WP 70 A Review of HIV/STD Behavioral Prevention Interventions for Female Sex Workers in the United States

Tuesday, June 10, 2014
International Ballroom
Neetu Abad, PhD1, Brittney Baack, MA2, Ann O'Leary, PhD3 and Cynthia Lyles, PhD2, 1Division of STD Prevention, Centers for Disease Control and Prevention, Atlanta, GA, 2Centers for Disease Control and Prevention, 3Prevention Research Branch, Division of HIV/AIDS Prevention, National Center for HIV/AIDS, Viral Hepatitis,STD and TB Prevention, Atlanta, GA

Background:  The lives of female sex workers (FSW) in the US are typically marked by violence and instability, traumatic life events, victimization, substance abuse, mental illness, and poverty.  FSW are at high risk for acquiring and transmitting HIV and other STDs via inconsistent condom usage, sex with partners of unknown serostatus or concurrent partnerships with risky sexual partners, and injection drug or crack use.  Little is known about estimates of HIV/STD among FSW in the US, but estimates of HIV range from 10.9% among 700 FSW in NYC jails to 22.4% among 536 drug-using FSW. 

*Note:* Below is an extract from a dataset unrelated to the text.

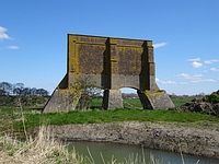 Aan het eind van het pad door de uiterwaarden loop ik recht op de kerk van Everdingen af en daar kan ik bij een landwinkel een koffie-to-go met een croissantje erbij kopen. Bij gebrek aan een bankje geniet ik daarvan op een wat verhoogd stoeprandje, ach ja, een mens moet wàt, hè! Ik ga Everdingen weer uit en kom een eindje verder bij Fort Everdingen. Hier gaat de route dwars doorheen en ik raak voor de eerste keer het spoor een beetje bijster. Paar extra metertjes door het fort dus.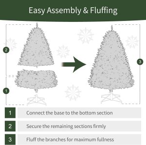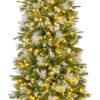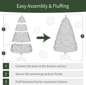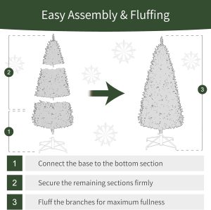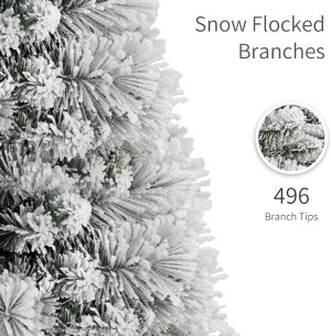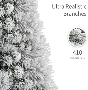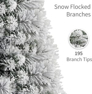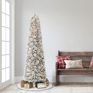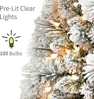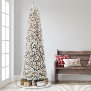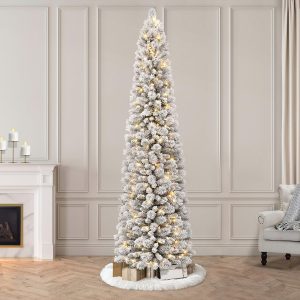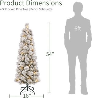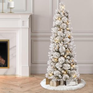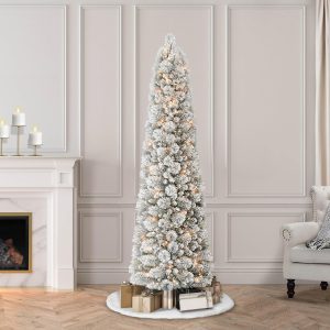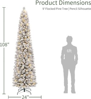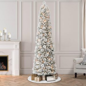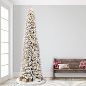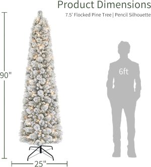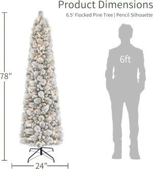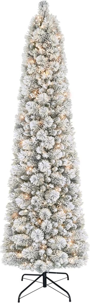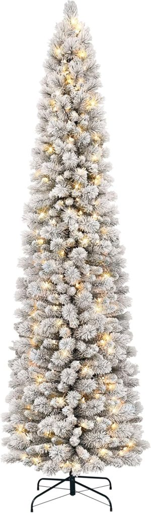 Puleo International 6.5ft Pre-Lit Flocked Portland Pine Pencil Christmas Tree with 300 Clear Lights, 410 Realistic Dense Snow Flocked Branch Tips, Easy Setup Artificial Trees with Sturdy Metal Stand

Methods:  The purpose of this systematic review was to examine HIV/STD behavioral interventions conducted in the US and published between 1988 and 2012 that aimed to reduce sexual or drug-related risk behavior among US-based FSW in order to summarize important factors that have been addressed and highlight gaps for future research.  Nineteen unique interventions met our selection criteria and were eligible for review: 5 interventions that exclusively targeted FSW, 2 interventions that stratified data by FSW, and 12 interventions that included at least 50% FSW. 

Results:  Our review indicated that 15 interventions provided HIV/STD prevention information and 13 provided substance abuse prevention information, but few tailored this content for issues facing FSW.  Only four interventions addressed mental health, 1 addressed homelessness, and 2 addressed job training.  The majority of included interventions were published over 10 years ago and only 2 have been identified by CDC as Evidence-Based Interventions.  

Conclusions: These findings suggest that current HIV prevention efforts do not adequately address the needs of FSW in the US.  Interventions may include a greater emphasis on structural and psychosocial factors, including mental health, recovery from victimization, and economic resources.  An expansion of the definition of FSW is also considered.